Only what runs from the line with "A Moli-pihenőtől tartunk" to the end of the data should appear in the answer, exactly as written and without pictures.

→ **Stored data**

-.-.-

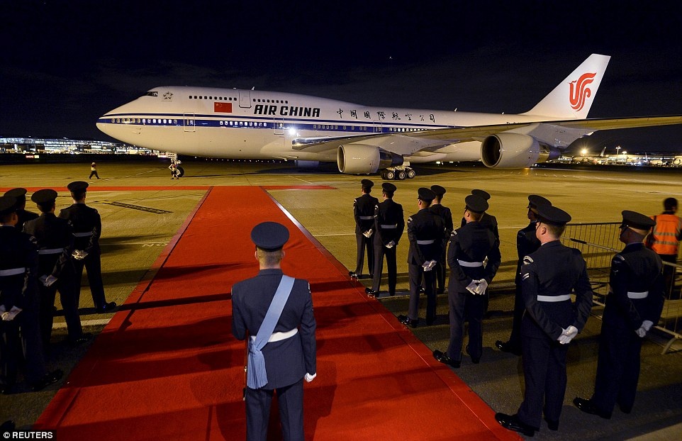 | Phi cơ của hãng Air China chở phái đoàn Trung Quốc do Chủ tịch Tập Cận Bình dẫn đầu hạ cánh sân bay Heathrow ở London. Ảnh: Reuters |
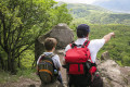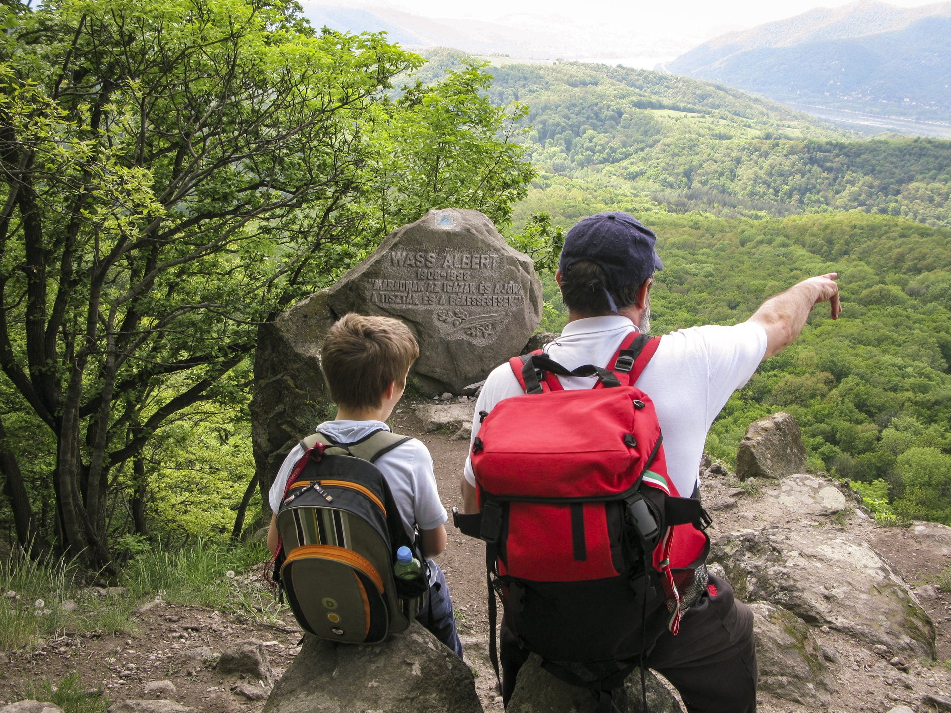 A Moli-pihenőtől tartunk Visegrád felé, közben egy kis tájban gyönyörködés a Borjú-fő sziklacsúcsán, a Wass Albert- emlékműnél
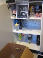 M'n oogrollende ergernis bracht me op een idee: èlk kastje fotograferen vóór de inhoud de dozen ingaat. Dat scheelt tijd bij het uitpakken en terugzetten.

-.-.-

→ **Exercise solution**
 A Moli-pihenőtől tartunk Visegrád felé, közben egy kis tájban gyönyörködés a Borjú-fő sziklacsúcsán, a Wass Albert- emlékműnél
 M'n oogrollende ergernis bracht me op een idee: èlk kastje fotograferen vóór de inhoud de dozen ingaat. Dat scheelt tijd bij het uitpakken en terugzetten.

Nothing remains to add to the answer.